Provided material:
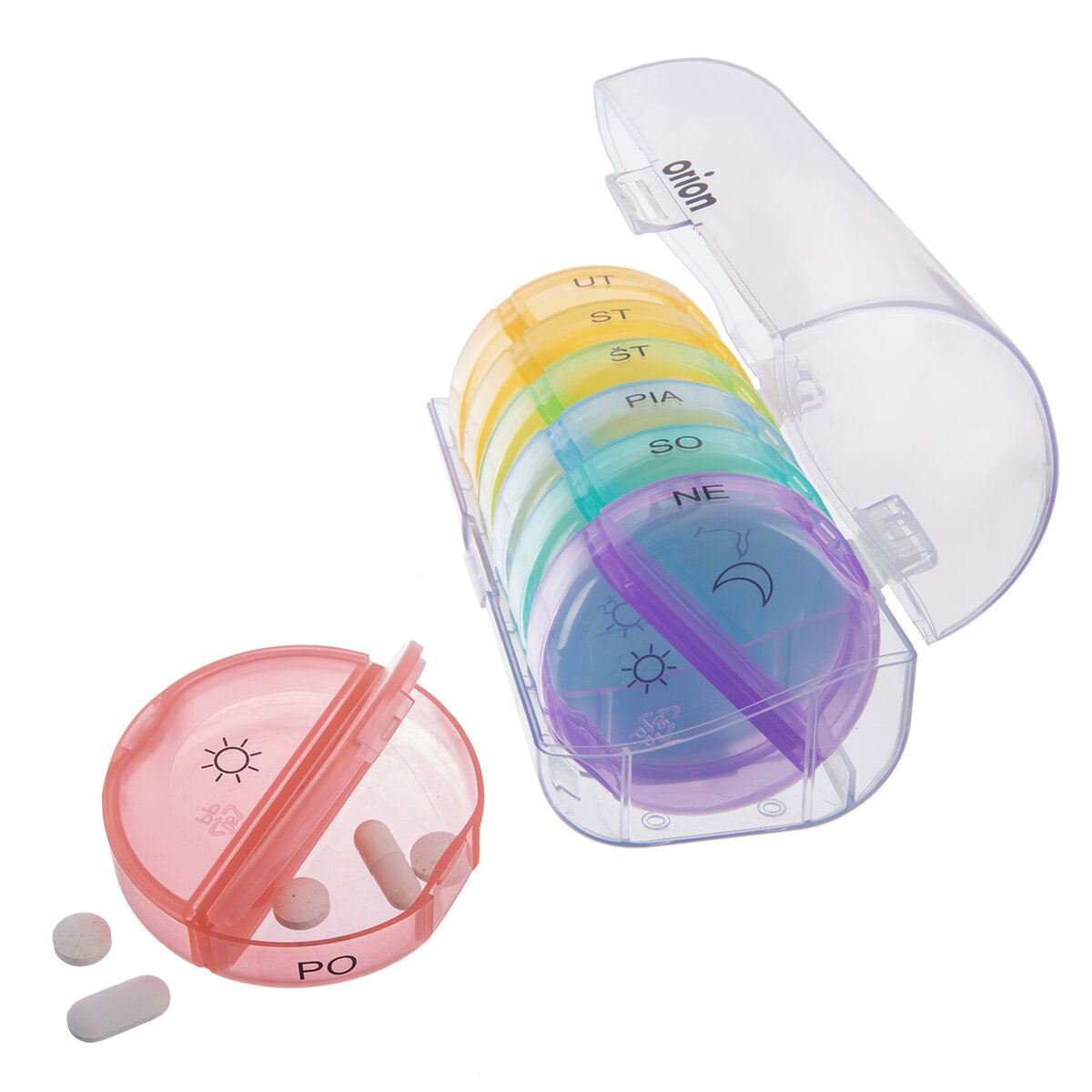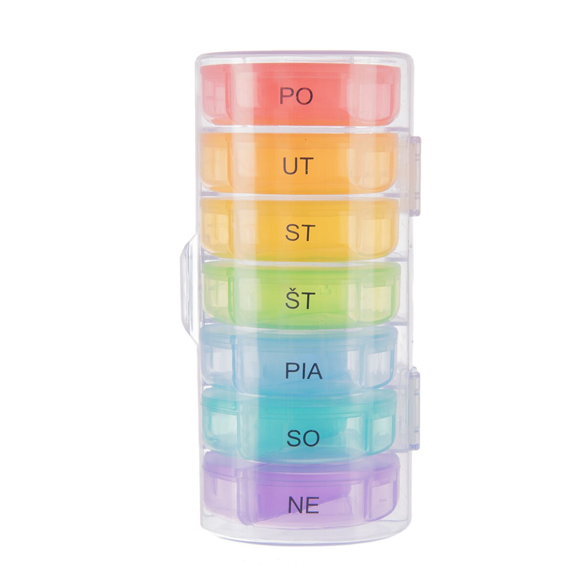 Kód produktu 811269Oblý plastový organizér na uloženie liekov na celý týždeň má vyberateľné dvojdielne sekcie so zatváracími viečkami. Sú rôznofarebné a prehľadne potlačené.
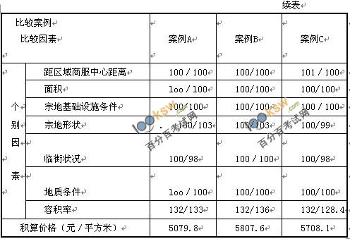 ( 257) 將估價對象各項影響因素與比較案例的各項影響因素相比較,按市
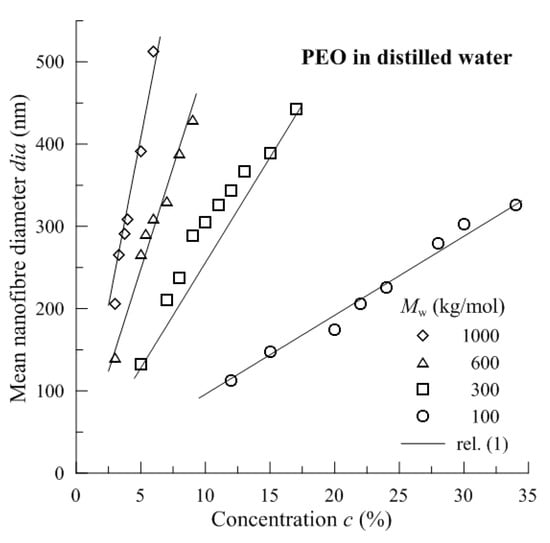 Due to a non-negligible number of entry parameters, the process of electrospinning cannot be simultaneously analyzed from all material, geometrical, and process aspects. It is always necessary to fix a substantial majority of entry parameters and concentrate on a moderate number of selected parameters. The impacts of the individual parameters are usually interlaced, and in the following analysis, we will pay attention to a mutual interplay between PEO molecular weight, PEO concentration, viscosity of a PEO solution in distilled water, and a mean diameter of the resulting nanofibers.
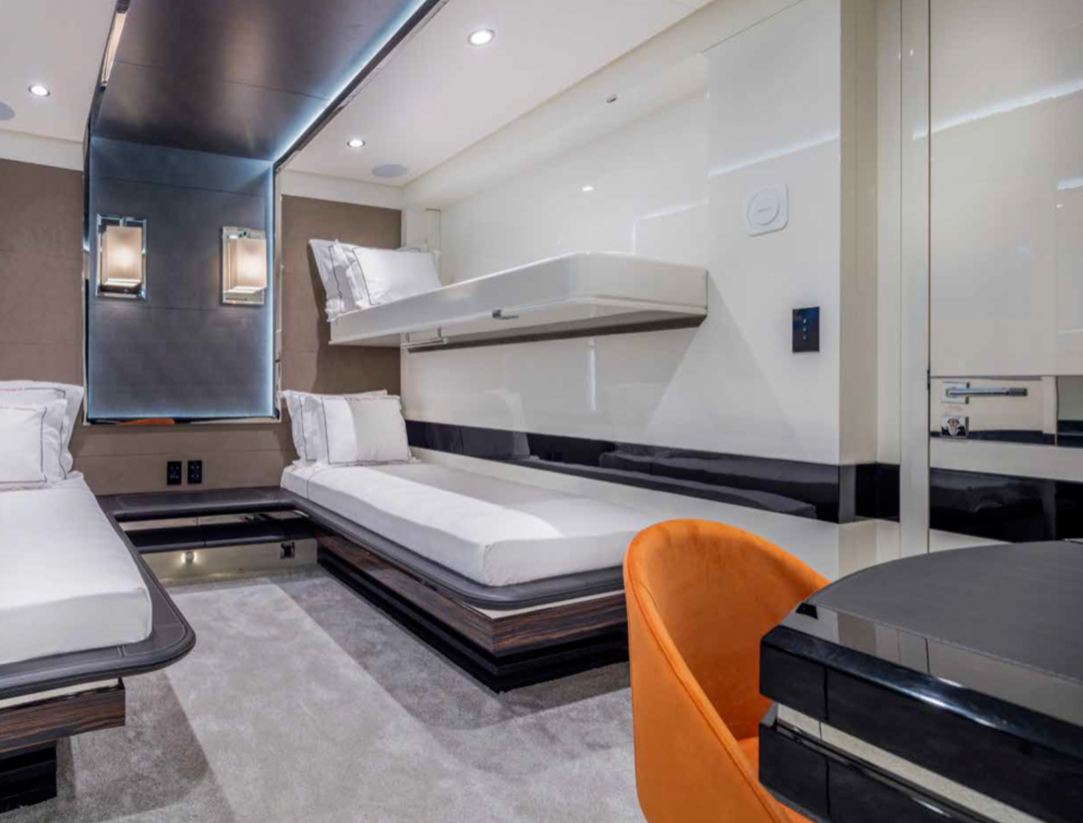 M/Y EUPHORIA II, is a Stunning Mega Yacht available for your Yacht Charter Holiday on the French Riviera and throughout the West Mediterranean. M/Y EUPHORIA II is a Superyacht measuring 49.56m in length, accommodating up to 12 guests in Five Spacious Cabins. Her Luxurious Interior will allow you and your guests to enjoy a Yacht Charter Vacation in complete and ultimate luxury with World Class Accommodations. The cabin configuration onboard M/Y EUPHORIA II consists of 1 Master Cabin, 2 Double Cabins and 1 twin Cabin. With Her Spacious Cabin Layout, M/Y EUPHORIA II is ideal for large charter groups consisting of family and/or friends.

What is expected: The data above should be repeated exactly, minus any pictures.

Response:
 Kód produktu 811269Oblý plastový organizér na uloženie liekov na celý týždeň má vyberateľné dvojdielne sekcie so zatváracími viečkami. Sú rôznofarebné a prehľadne potlačené.
 ( 257) 將估價對象各項影響因素與比較案例的各項影響因素相比較,按市
 Due to a non-negligible number of entry parameters, the process of electrospinning cannot be simultaneously analyzed from all material, geometrical, and process aspects. It is always necessary to fix a substantial majority of entry parameters and concentrate on a moderate number of selected parameters. The impacts of the individual parameters are usually interlaced, and in the following analysis, we will pay attention to a mutual interplay between PEO molecular weight, PEO concentration, viscosity of a PEO solution in distilled water, and a mean diameter of the resulting nanofibers.
 M/Y EUPHORIA II, is a Stunning Mega Yacht available for your Yacht Charter Holiday on the French Riviera and throughout the West Mediterranean. M/Y EUPHORIA II is a Superyacht measuring 49.56m in length, accommodating up to 12 guests in Five Spacious Cabins. Her Luxurious Interior will allow you and your guests to enjoy a Yacht Charter Vacation in complete and ultimate luxury with World Class Accommodations. The cabin configuration onboard M/Y EUPHORIA II consists of 1 Master Cabin, 2 Double Cabins and 1 twin Cabin. With Her Spacious Cabin Layout, M/Y EUPHORIA II is ideal for large charter groups consisting of family and/or friends.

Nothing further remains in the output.